Drôle de situation à laquelle je suis confronté avec un groupe de journalistes de la presse internationale. A la fois heureux et stupéfait de l’opportunité de sillonner la capitale libyenne et soucieux d’échapper à nos hôtes. Pour capter le clandestin, l’inattendu, l’incontrôlable, ce qu’aucun service de presse aussi minutieux soit-il, ne pourra jamais maitriser.
27 février - 6 mars 2011
Relativement calme, comparé au reste du pays, Tripoli reste le bastion de Mouamar Kafhafi qui maintient une terreur policée.
Kadhafi arrive au 34 congrès général du peuple libyen. Un monologue de plus de deux heures durant lequel il promet plus de liberté de parole, une amnistie pour la rébellion et une nouvelle constitution.
Salué par sa propre effigie qui orne les murs de la capitale, le colonel regagne Bab al-Aziziya, son campement hautement sécurisé.

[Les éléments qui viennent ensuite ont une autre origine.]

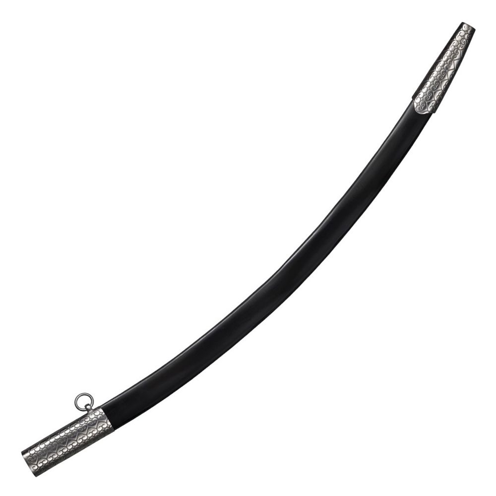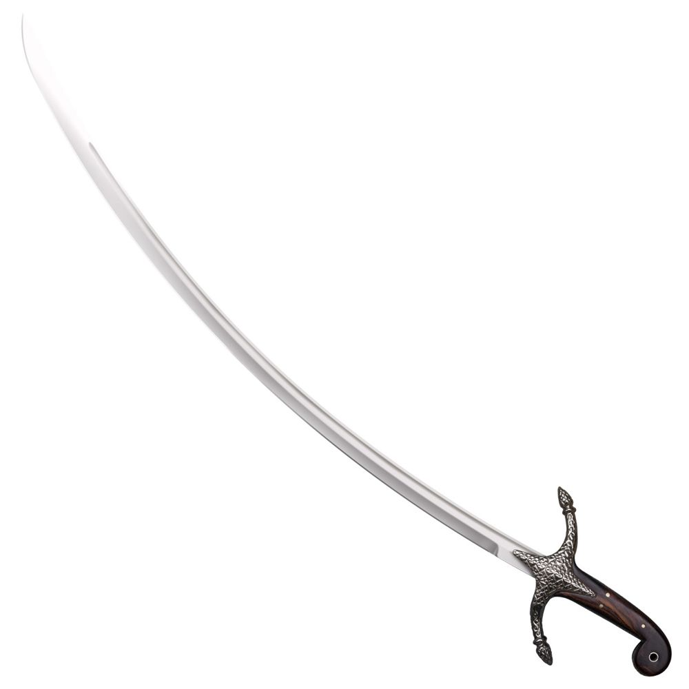 Inspired by highly decorative antique Persian blades, Cold Steel’s latest Scimitar is a true Eastern jewel! Its handsome blade is deeply curved to facilitate the devastating draw cut, and beautifully polished with a wide, deep fuller. Made from expertly heat treated 1065 carbon steel, it is perfectly balanced and hand honed to a keen edge! The Scimitar’s large S-guard and tang are intricately engraved and the dark rosewood handle scales are securely held in place with three sturdy brass pins. The bulbous pommel features a brass inlaid hole for a cord, lanyard or sash. The Scimitar is supplied complete with a thick hand stitched leather scabbard with etched steel throat, chape and carrying rings.

Kadhafi achète sa tranquillité. Chaque citoyen libyen reçoit aujourd'hui exceptionnellement 500 dinars(l'équivalent d'un SMIC) et du crédit sur son téléphone portable. Le prix du carburant a aussi baissé...

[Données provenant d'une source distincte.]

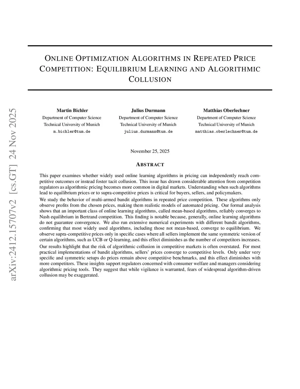 This paper examines whether widely used online learning algorithms in pricing can independently reach competitive outcomes or instead foster tacit collusion. This issue has drawn considerable attention from competition regulators as algorithmic pricing becomes more common in digital markets. Understanding when such algorithms lead to equilibrium prices or to supra-competitive prices is critical for buyers, sellers, and policymakers.We study the behavior of multi-armed bandit algorithms in repeated price competition. These algorithms only observe profits from the chosen prices, making them realistic models of automated pricing. Our formal analysis shows that an important class of online learning algorithms, called mean-based algorithms, reliably converges to Nash equilibrium in Bertrand competition. This finding is notable because, generally, online learning algorithms do not guarantee convergence. We also run extensive numerical experiments with different bandit algorithms, confirming that most widely used algorithms, including those not mean-based, converge to equilibrium. We observe supra-competitive prices only in specific cases where all sellers implement the same symmetric version of certain algorithms, such as UCB or Q-learning, and this effect diminishes as the number of competitors increases.Our results highlight that the risk of algorithmic collusion in competitive markets is often overstated. For most practical implementations of bandit algorithms, sellers' prices converge to competitive levels. Only under very specific and symmetric setups do prices remain above competitive benchmarks, and this effect diminishes with more competitors. These insights support regulators concerned with consumer welfare and managers considering algorithmic pricing tools. They suggest that while vigilance is warranted, fears of widespread algorithm-driven collusion may be exaggerated.

Vacarme dans les rues de Tripoli et embouteillage sur la place Verte. La télévision libyenne, ainsi que des hauts parleurs, annoncent la défaite des insurgés et la reprise des villes de l'est du pays.

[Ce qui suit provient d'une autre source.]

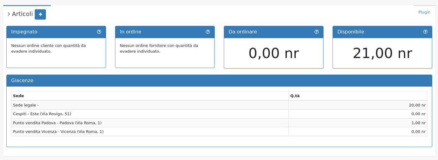 Per visualizzare le giacenze di un determinato articolo si deve andare in Magazzino/Articoli e selezionare l'articolo interessato. Da qui sarà possibile tramite il plugin Giacenze verificare la sua disponibilità e presenza nelle diverse sedi.

L'information est bien évidement fausse, la propagande tourne à plein régime. Mais tous les libyens sont quand même incités à manifester leur allégresse.
Malgré la peur, de nombreuses personnes m'abordent pour me confier leur haine du colonel et leur espoir d’un changement.
"Dieu, Kadhafi, la Libye et rien d'autre!..." C'est bon, j'ai compris pourquoi les autorités libyennes m'ont accordé un visa d'entrée.
A partir de maintenant, tous les moyens sont bons pour échapper au contrôle de mes hôtes.
Je me faufile avec un groupe de civils favorables au régime.
Ils m'entrainent dans le quartier de Tadjoura, pour donner la chasse aux manifestants hostiles au régime.
C'est vendredi, un millier de personnes tentent de se rassembler pour manifester à la sortie du lieu culte.
Très rapidement, les manifestants sont dispersés. Je dois vite retrouver mes hôtes pour qu'ils ne s'aperçoivent pas de mon absence.
Le Monument dédié au Livre Vert de Kadhafi est toujours debout, posé sur les livres "périmés" que sont le livre rouge du communisme et le livre bleu du capitalisme. Mais chancelant, car sorti de son socle par des contestataires.
La contestation monte pourtant toujours dans certains quartiers.
Les rassemblements sont réprimés avec de plus en plus de violence.
Aujourd'hui, on enterre Abdul Fattah, un jeune homme tué lors de la manifestation de la veille.
Pour quitter le pays, nous sommes emmenés sous bonne escorte à la frontière tunisienne. Notre bus est obligé de contourner la ville de Zawiyah qui est tenue par l'insurrection.
Poste frontière de Ras Jdir. Les derniers travailleurs étrangers quittent le pays.